Şirketinizi sektörde farklı kılan özellikler nelerdir?
BIBUS Endüstriyel olarak bizi sektörde öne çıkaran en temel özellik, değişimi sadece takip eden değil, bizzat yönlendiren bir yapıya sahip olmamızdır. Sürekli gelişim ilkemiz doğrultusunda, pazardaki ihtiyaçlara hızlı adapte olabilen, inovasyona açık ve proaktif bir ekip kültürü oluşturduk.
Ürünlerimizin yüksek kalite standartları, yalnızca teknik mükemmeliyet değil, aynı zamanda güvenilirlik ve uzun ömürlülük anlamına geliyor. Ancak fark yarattığımız asıl nokta, yalnızca ürün satmak değil; müşterilerimize değer katan, onların iş süreçlerini kolaylaştıran ve verimliliklerini artıran çözümler sunmak.
Her yeni ürünümüzde, her hizmet adımında, müşterilerimizin beklentilerini aşmayı hedefliyoruz. Bu yaklaşımımız sayesinde, sadece bir tedarikçi değil; uzun vadeli bir çözüm ortağı olarak konumlanıyoruz. Kısacası; inovasyona olan bağlılığımız, kaliteye verdiğimiz önem ve insana dokunan yaklaşımımız bizi sektörde gerçekten farklı kılıyor.
Çalışanlarınıza veya müşterilerinize lider olarak vermek istediğiniz en önemli mesaj nedir?
Hem ekip arkadaşlarımıza hem de müşterilerimize verdiğimiz en temel mesaj şudur: Biz çok çalışmaya, gelişmeye ve yenilikleri hayatın her alanına taşımaya kararlıyız.
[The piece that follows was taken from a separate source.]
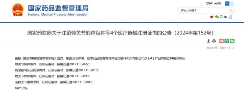 12月19日,國家藥監(jiān)局發(fā)布一則醫(yī)療器械注冊證注銷公告,公告顯示,局已依法注銷科鄰太有限公司4個Ⅲ類產(chǎn)品的醫(yī)療器械注冊證,具體如下:
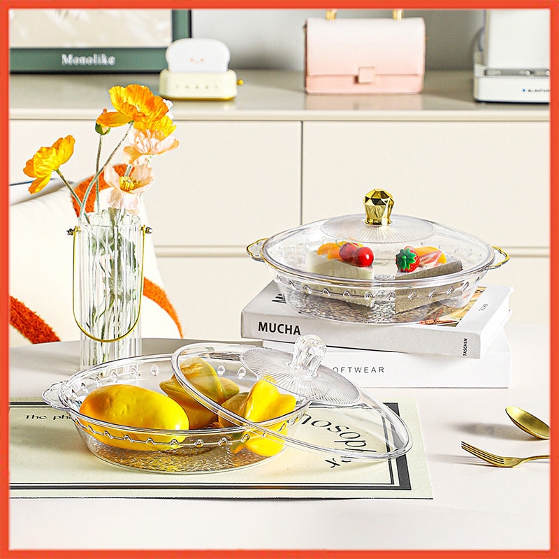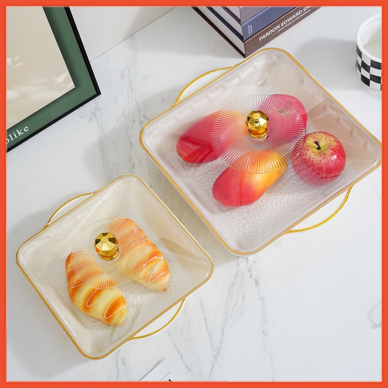 Hoptech - Nampan Plastik Aesthetic dengan Tutup - Tempat Buah & Roti | Multifungsi Tahan Lama

Değişen dünyada, sadece bugünü değil, yarını da düşünen bir anlayışla ilerliyoruz.
Firmamızın “Başarınızı destekliyoruz” sloganı, bizim için bir motto olmanın ötesinde bir sorumluluk ifadesi. Müşterilerimizin büyüme yolculuklarında yanlarında yürümek, onların hedeflerine ulaşmasında en güçlü destekçilerinden biri olmak bizim en önemli misyonlarımızdan biri. Çalışanlarımıza da her zaman şunu hatırlatıyoruz: Emeğiniz değerlidir, fikriniz kıymetlidir ve bu başarı hikâyesinin en önemli parçası sizsiniz.
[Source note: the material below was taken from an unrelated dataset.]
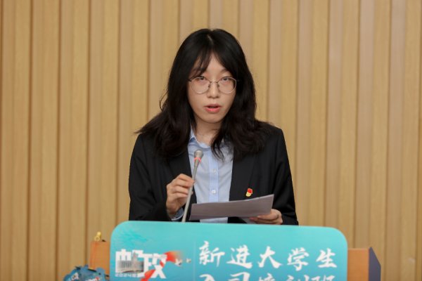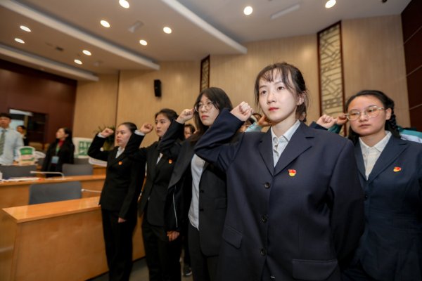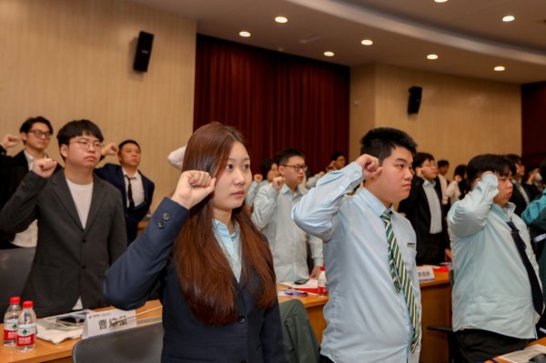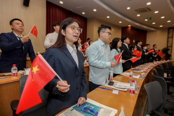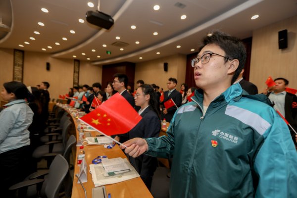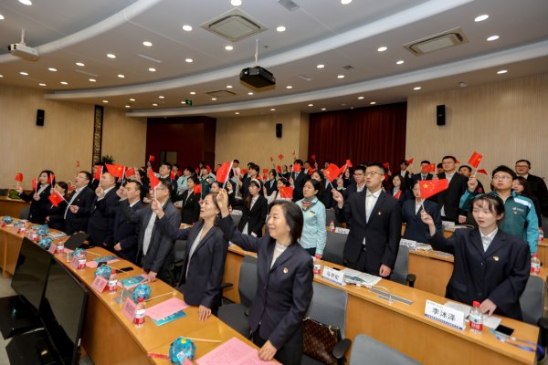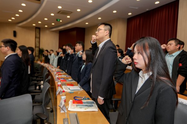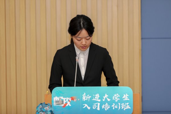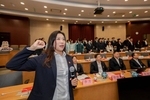 △市分公司团委书记曹蕙绮带领全体学员进行入司宣誓。

Ergonomik ofis çözümleriyle ilgili geleceğe dair düşünceleriniz nelerdir?
Ergonomik çalışma masaları ve hareketli ofis mobilyaları, artık sadece bir tercih değil; çalışan sağlığı ve verimliliği açısından bir gereklilik haline geldi. Dünya genelinde hızla büyüyen bu trendin, Türkiye'de de aynı ivmeyle devam edeceğine inanıyoruz.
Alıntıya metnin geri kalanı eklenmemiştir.